And the full error is:

Preparing the encoder, the synthesizer and the vocoder...
Traceback (most recent call last):
  File "demo_cli.py", line 61, in <module>
    encoder.load_model(args.enc_model_fpath)
  File "C:\Users\Marc\Desktop\Real-Time-Voice-Cloning-master\Real-Time-Voice-Cloning-master\encoder\inference.py", line 34, in load_model
    _model.load_state_dict(checkpoint["model_state"])
  File "C:\Users\Marc\Anaconda3\lib\site-packages\torch\nn\modules\module.py", line 845, in load_state_dict
    self.__class__.__name__, "\n\t".join(error_msgs)))

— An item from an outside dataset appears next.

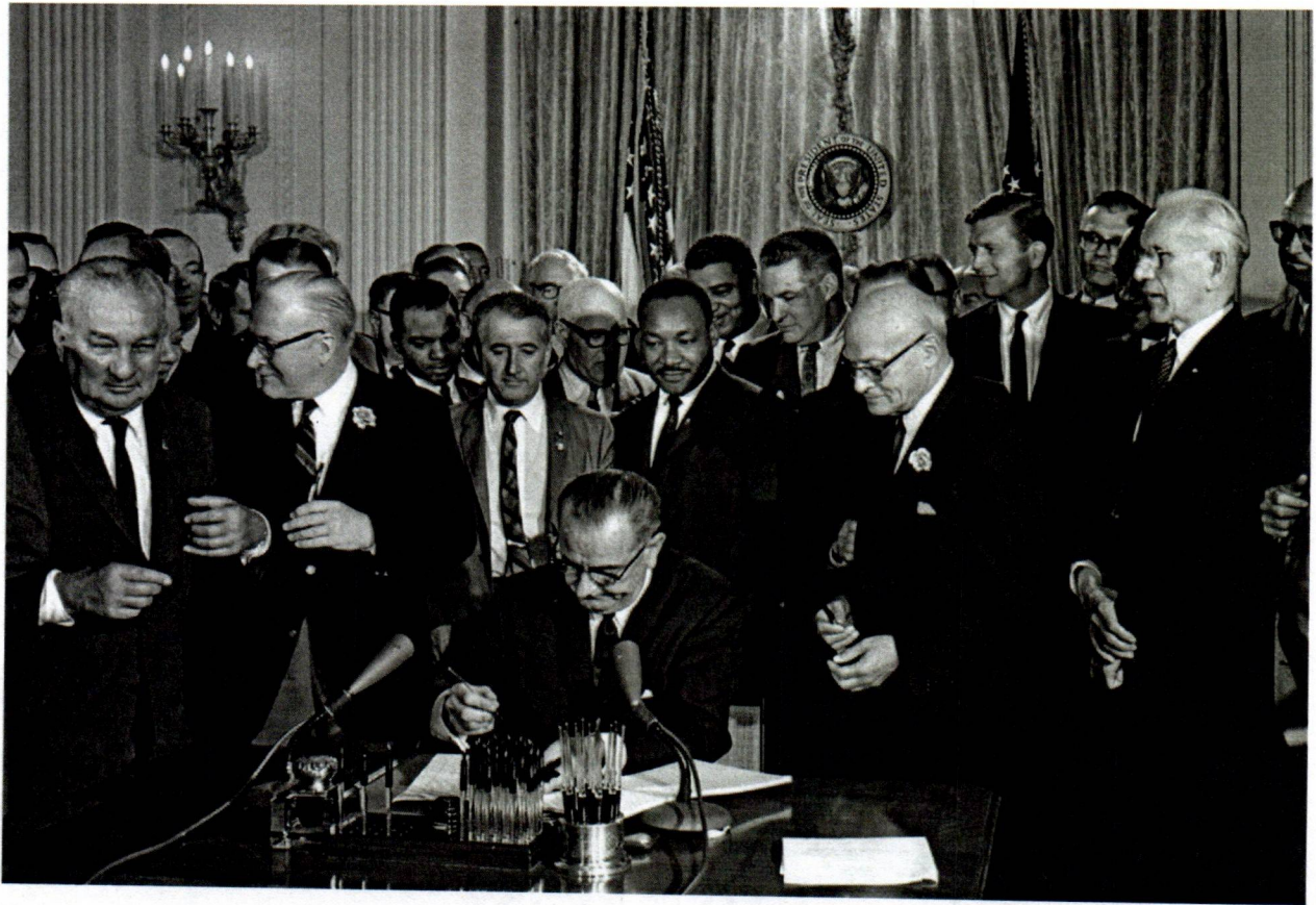
President Lyndon B. Johnson signing the Civil Rights Act of 1964

RuntimeError: Error(s) in loading state_dict for SpeakerEncoder:
        Missing key(s) in state_dict: "similarity_weight", "similarity_bias", "lstm.weight_ih_l0", "lstm.weight_hh_l0", "lstm.bias_ih_l0", "lstm.bias_hh_l0", "lstm.weight_ih_l1", "lstm.weight_hh_l1", "lstm.bias_ih_l1", "lstm.bias_hh_l1", "lstm.weight_ih_l2", "lstm.weight_hh_l2", "lstm.bias_ih_l2", "lstm.bias_hh_l2", "linear.weight", "linear.bias".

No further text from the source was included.